# What is needed
Using the material below, print a verbatim copy of every line from the one containing "Das Bild gehört" through the one containing "26816 | Dampflok", inclusive, and omit the pictures.

# Given data

▼▼▼

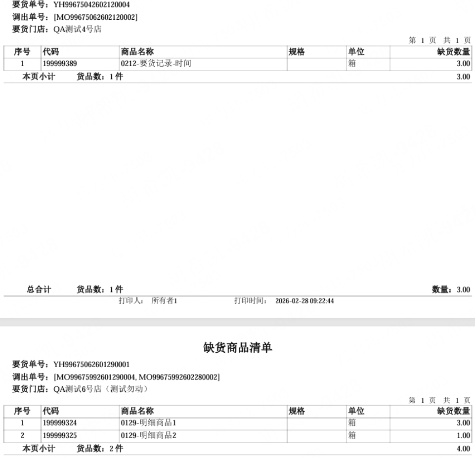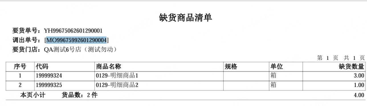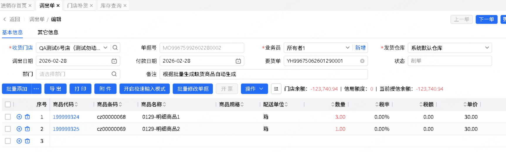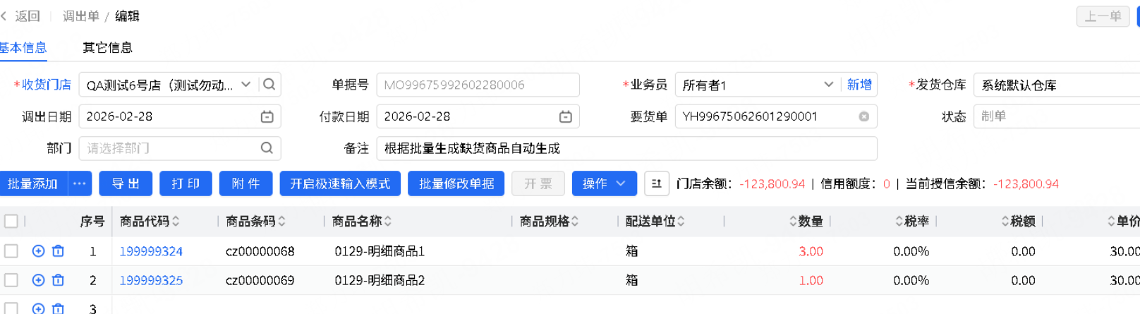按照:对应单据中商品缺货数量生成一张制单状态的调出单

▲▲▲
▼▼▼

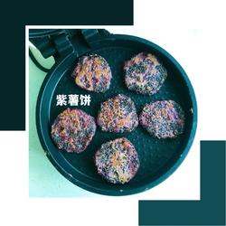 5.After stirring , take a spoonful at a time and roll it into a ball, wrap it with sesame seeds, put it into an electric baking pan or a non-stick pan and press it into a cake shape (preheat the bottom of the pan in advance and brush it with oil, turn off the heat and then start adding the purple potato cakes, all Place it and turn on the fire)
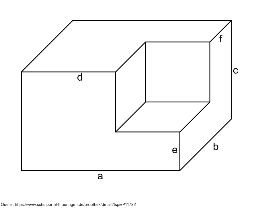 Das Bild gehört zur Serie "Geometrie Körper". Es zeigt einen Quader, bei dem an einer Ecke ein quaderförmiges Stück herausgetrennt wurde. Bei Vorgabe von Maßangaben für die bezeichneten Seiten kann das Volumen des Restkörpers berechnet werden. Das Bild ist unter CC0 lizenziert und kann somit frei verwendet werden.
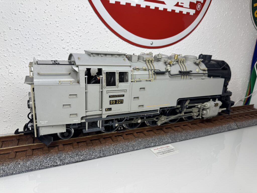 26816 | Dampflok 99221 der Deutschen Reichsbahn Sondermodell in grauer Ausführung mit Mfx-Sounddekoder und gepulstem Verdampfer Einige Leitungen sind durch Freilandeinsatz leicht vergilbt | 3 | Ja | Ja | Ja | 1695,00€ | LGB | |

▲▲▲

# Result of this task
 Das Bild gehört zur Serie "Geometrie Körper". Es zeigt einen Quader, bei dem an einer Ecke ein quaderförmiges Stück herausgetrennt wurde. Bei Vorgabe von Maßangaben für die bezeichneten Seiten kann das Volumen des Restkörpers berechnet werden. Das Bild ist unter CC0 lizenziert und kann somit frei verwendet werden.
 26816 | Dampflok 99221 der Deutschen Reichsbahn Sondermodell in grauer Ausführung mit Mfx-Sounddekoder und gepulstem Verdampfer Einige Leitungen sind durch Freilandeinsatz leicht vergilbt | 3 | Ja | Ja | Ja | 1695,00€ | LGB | |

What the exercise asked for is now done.